How is Sentiment Calculated?

Often it is done using a Machine Learning Framework, that you train with specific sampled data and results.  In my case, however, I used a pre-built sentiment analysis package that is part of the Textblob library.

If you’re using Anaconda, you can install Textblob via: https://anaconda.org/conda-forge/textblob

GeeksForGeeks Approach

While I wrote the script below, I did find Textblob from someone else’s work who was already doing Twitter Analysis… I’ll cite them for reference as well: https://www.geeksforgeeks.org/twitter-sentiment-analysis-using-python/

As luck would have it, they too did an approach of Twitter Sentiment Analysis.  Their choice was to use TextBlob for the Sentiment Analysis and I went ahead and did the same thing in my script below.  As it turns out TextBlob is a great place to start but the accuracy I think will improve with a training based framework (as mentioned later on.)

The Concept

The idea I was trying to work out, was to build off the previous script that graphed Twitter user Tweets about subjects.  Instead of getting a figure of counts of tweets about subject 1 vs. subject 2, I decided to try and get user sentiment.  How many of the Tweets are positive about a single subject?

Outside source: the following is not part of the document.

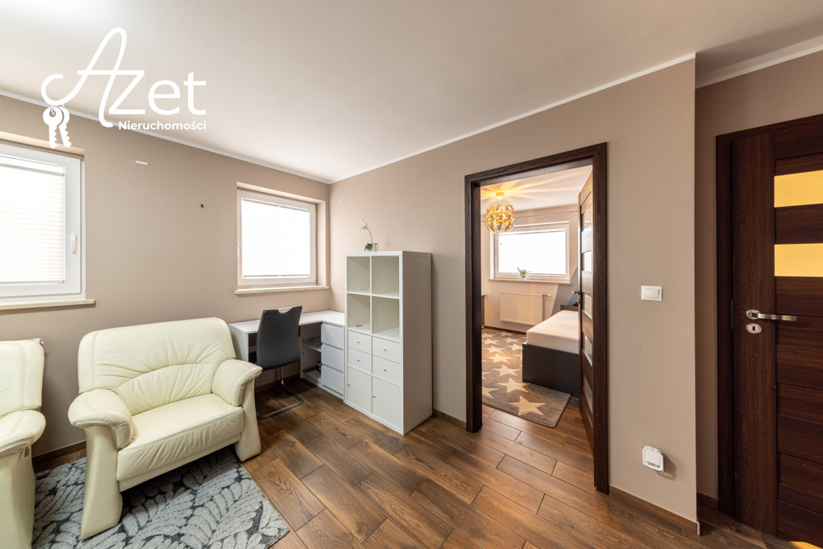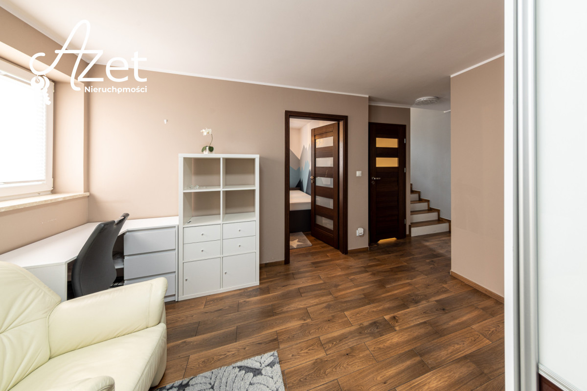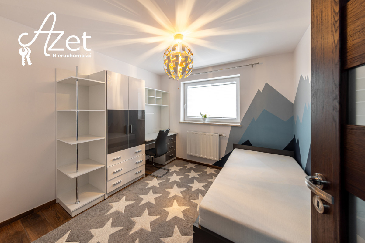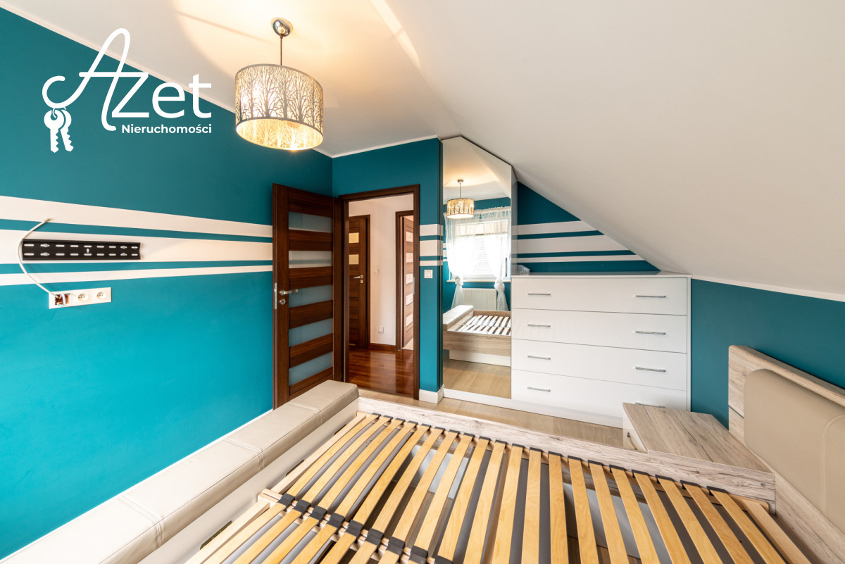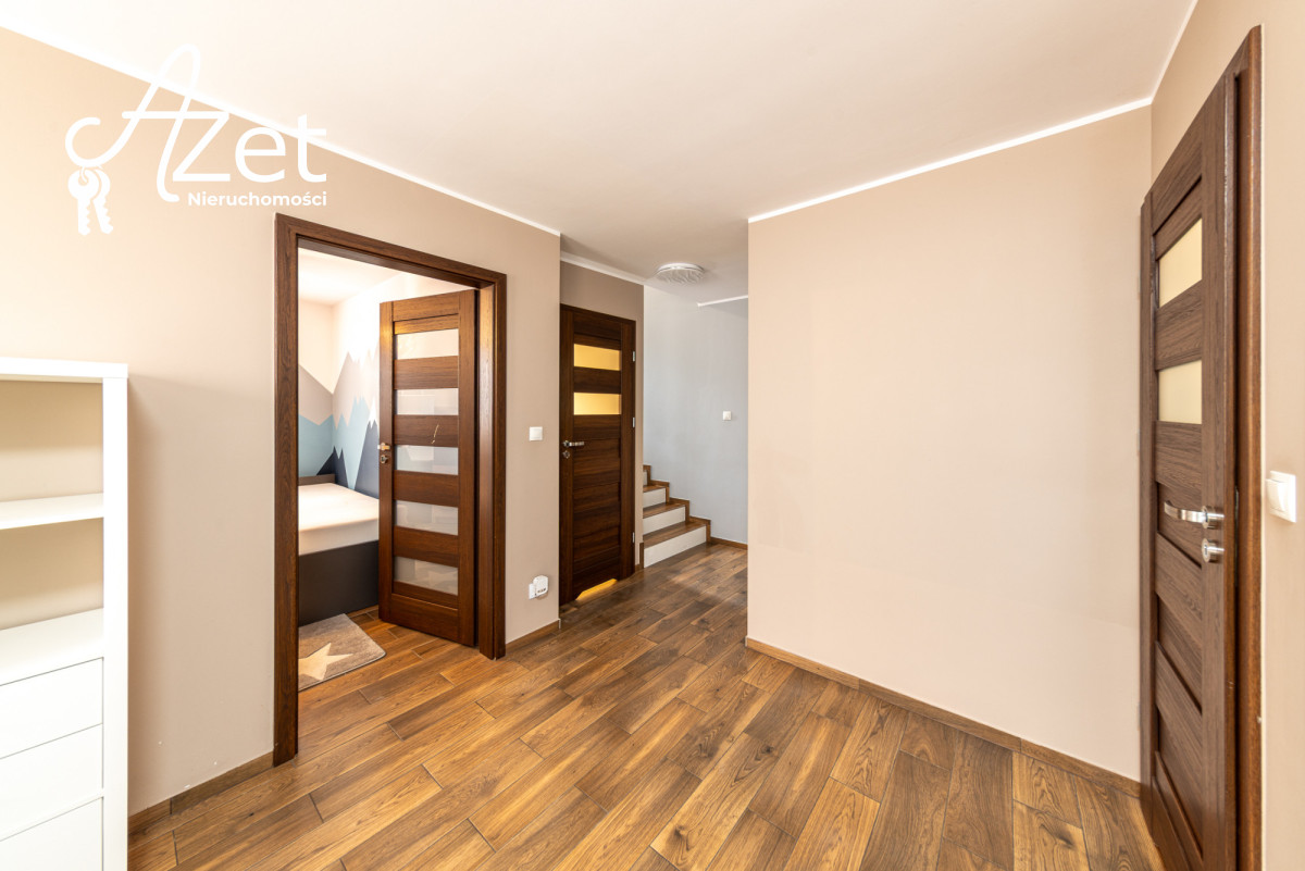 Tutaj kryje się prawdziwy atut tej nieruchomości. Urządzony pokój dziecięcy, przestronna garderoba, druga łazienka z prysznicem i toaletą, praktyczna kotłownia oraz schowek na wszystkie niezbędne rzeczy. Ta część domu daje wiele możliwości - od przestrzeni dla nastolatków po domowe biuro czy siłownię.

For example, if the sentiment of a cryptocurrency (i.e. Bitcoin) is normally 65% positive, and then the next day there are 3 times as many Tweets and they average 95% positive, it could be indicative of a pump in the price… and conversely, if there is a large shift in Negative sentiment, it could foretell Fear in the market and a potential Sell-Off.

Libraries Used

For this work, I made use of the Tweepy, TextBlob and Datetime libraries.

Tweepy was used to interface and authenticate with Twitter.

TextBlob was used to get basic sentiment scores.

Datetime was used to filter the results of Twitter data to a 24hr timeframe.

Code

Below is the Python script that takes in a subject (i.e. “bitcoin”), queries Twitter and then iterates over the text of each tweet, performing a Sentiment Analysis score.  These scores are tallied up and then a percentage is calculated of positive or negative sentiment on the subject.

import tweepy, datetime
from textblob import TextBlob

access_token = 'XXXXXXXXXXXXXX'
access_token_secret = 'XXXXXXXXXXXXXXXX'
consumer_key = 'XXXXXXXXXXXXXXXXXX'
consumer_secret = 'XXXXXXXXXXXXXXXXXX'

auth = tweepy.OAuthHandler(consumer_key, consumer_secret)
auth.set_access_token(access_token, access_token_secret)

api = tweepy.API(auth)

[pos, neg] = [0,0]
sent = ''
result = 0

def query_twitter(q, max_tweets=50):
    for tweet in tweepy.Cursor(api.search, q=q).items(max_tweets):
        if (datetime.datetime.now() - tweet.created_at).days < 1:
            sentiment(tweet.text)
    print([pos, neg])
    print("Subject: "+ "'" + q + "'" + " is " + str("{0:.2f}".format(result)) + "% " + sent)

def sentiment(tweet):
    global pos
    global neg
    analysis = TextBlob(tweet)
    if analysis.sentiment.polarity >0:
        print('Positive: ' + tweet + '\n')
        pos = pos + 1
    elif analysis.sentiment.polarity < 0:
        print('Negative: ' + tweet + '\n')
        neg = neg + 1        

    return sentiment_percent(pos, neg)

def sentiment_percent(pos, neg):
    global sent
    global result
    total = pos + neg
    if pos > neg:
        sent = "Positive"
        result = pos / total * 100
    else:
        sent = "Negative"
        result = neg / total * 100
    return {sent:result}

query_twitter('trump', 500)

Result Example

The results of the code above will output something similar to this:


Negative: RT @DeanObeidallah: Thanks to Trump we are now seeing Trump supporters in essence calling the survivors of the school shooting "Fake news."…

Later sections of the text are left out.